More Than a President

 

“We believe in a generous America, in a compassionate America, in a tolerant America, open to the dreams of an immigrant’s daughter who studies in our schools and pledges to our flag. To the young boy on the south side of Chicago who sees a life beyond the nearest street corner. To the furniture worker’s child in North Carolina who wants to become a doctor or a scientist, an engineer or an entrepreneur, a diplomat or even a president — that’s the future we hope for. That’s the vision we share. That’s where we need to go — forward. That’s where we need to go.” –President Barack Obama

 

The very first blog I wrote was entitled “2012 and Black Male Perception”. That blog dealt with how African-American men would see themselves at year’s end while dealing with the Trayvon Martin case and 2012 Election. The Martin case does not go to trial until next year, but in this year’s election President Obama was re-elected ensuring his presidency would not become a historical footnote, President Obama now has the chance to become a great president, but to millions of Americans, primarily African-Americans, President Obama is more than a president, he is a role model, a way of living, an idea.

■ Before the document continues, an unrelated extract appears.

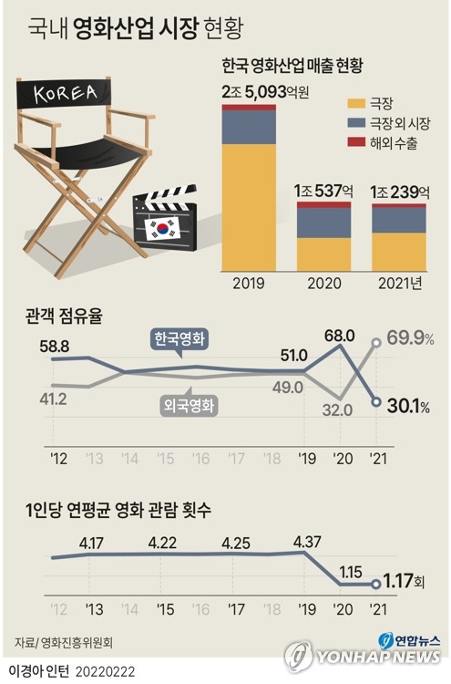| ▲ [그래픽] 국내 영화산업 현황 (서울=연합뉴스) 장예진 기자 = 22일 영화진흥위원회가 발표한 '2021년 한국 영화산업 결산' 자료에 따르면 지난해 국내 영화산업 시장 규모는 1조239억원으로 2년째 감소세를 보였다. 2조5천93억원 규모였던 2019년과 비교하면 40.8% 수준으로 축소됐다. jin34@yna.co.kr 페이스북 tuney.kr/LeYN1 트위터 @yonhap_graphics |

To a new generation of African-American men President Obama serves as a role model. When I wake up every morning and look at myself in the mirror I honestly believe that I can achieve any goals I set for myself in part because of what President Obama was able to achieve. When I see his family, I understand the importance of being a faithful husband and loving father. When I see him speak, I do not just see a president, I see an African-American representing a country that would have denied him the right to vote just 50 years ago and stand in amazement at how he was able to overcome the many obstacles he faced to get to where he is. I can only hope other African-American men see the same things I see in President Obama.

Here are a few troubling statistics for African-American males from the Morehouse Male Initiative:

 

  • Only 41% of Black men graduate from high school in the United States.
  • Just 22 % of Black males who began at a four-year college graduated within six years.
  • 1.46 million Black men out of a total voting population of 10.4 million have lost their right to vote due to felony convictions.
  • One in three Black men between the ages of 20 and 29 years old is under correctional supervision or control.
  • In 1986, before mandatory minimums for crack offenses became effective, the average federal drug offense sentence for Black was 11% higher than for Whites. Four years later, following the implementation of harsher drug sentencing laws, the average federal drug offense sentence was 49% higher for Blacks.
  • Blacks account for only 12% of the U.S. population but 44% of all prisoners in the United States are Black.
  • Of Black males born this year, 29% can expect to spend some time behind bars. One in 14 Black children has a parent in jail or prison. One in 20 Black men is incarcerated, compared with one in 155 White men. For every three Black men in college, four are in prison.

Also, keep in mind the nearly 70% of African-American children are born to single parents, primarily mothers, which puts many young African-American children at an early disadvantage.

I just hope that President Obama is viewed as more than just a president by African-Americans, that he is viewed as a new way of living. We no longer have to look at rappers and ball players in our community as role models, we can look at the leader of the Free World and know with hard work and dedication we can become anything we set our mind to.

Presidents come and go, role models rise and fall, but President Obama as an idea of what an African-American can be will stand the test of time. That is why in so many ways President Obama is more than just a president.